Some time ago, I set this challenge as a test for a new type of challenge I called "compiler golf". In the end, my idea didn't set the world alight but I wanted to see if anyone had ideas for improving the idea.

The original version of the FizzBuzz challenge set the score by the length of the generated code, not by the compiler itself. My thinking there was that when thinking about real-world compilers, we care more about the quality of the generated code rather than the quality of the compiler. I wanted to reward writing extra code for optimizing the output, rather than to penalize it.

On reflection, the challenge I chose didn't lend itself to optimization and in the end I changed the rules to include the length of the compiler in the score, as people taking the challenge were golfing their compilers anyway.

Is compiler-golf something we want more of on this site?
What should be the rules of compiler-golf?
What else can we learn from my failed attempt to get it going?

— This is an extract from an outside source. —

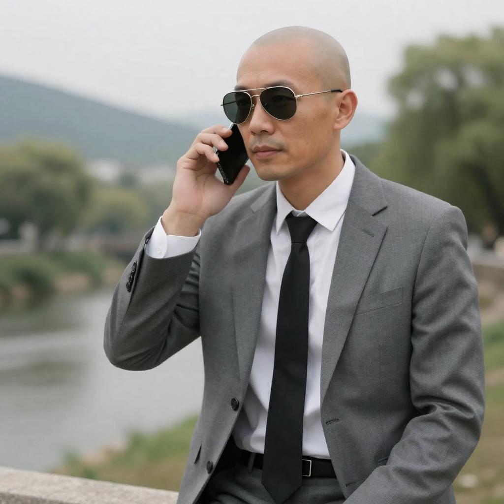 Bald man in gray suit, white shirt, black tie, and aviator sunglasses, holding phone to ear, sitting outdoors by a river. Background includes green trees, distant hills, and overcast sky. Man's expression is focused.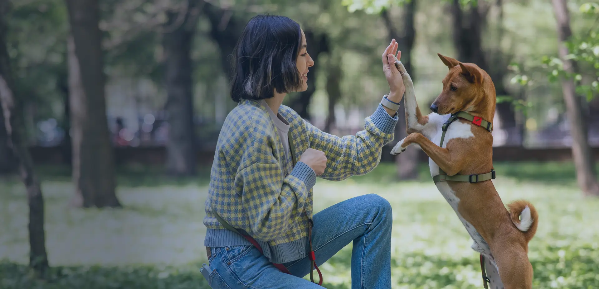 Étudiante tenant un chien souriant dans un parc pour illustrer la licence professionnelle Animal University en médiation, éducation et comportement

As user23013 commented, this isn't really all that novel. It's normally referred to as (and as you can see, we even have a tag for it). In general, any sort of code generation challenge which is scored by the size of the generated code is metagolf, and the tag should be used if this is the primary winning criterion.

I don't think there should be a standard winning criterion which counts both the output and the generating program's size, because the balance of these too will always depend on the challenge in question (and getting mixed winning criteria right is always tricky). So if you want to take both things into account, just use the catch-all .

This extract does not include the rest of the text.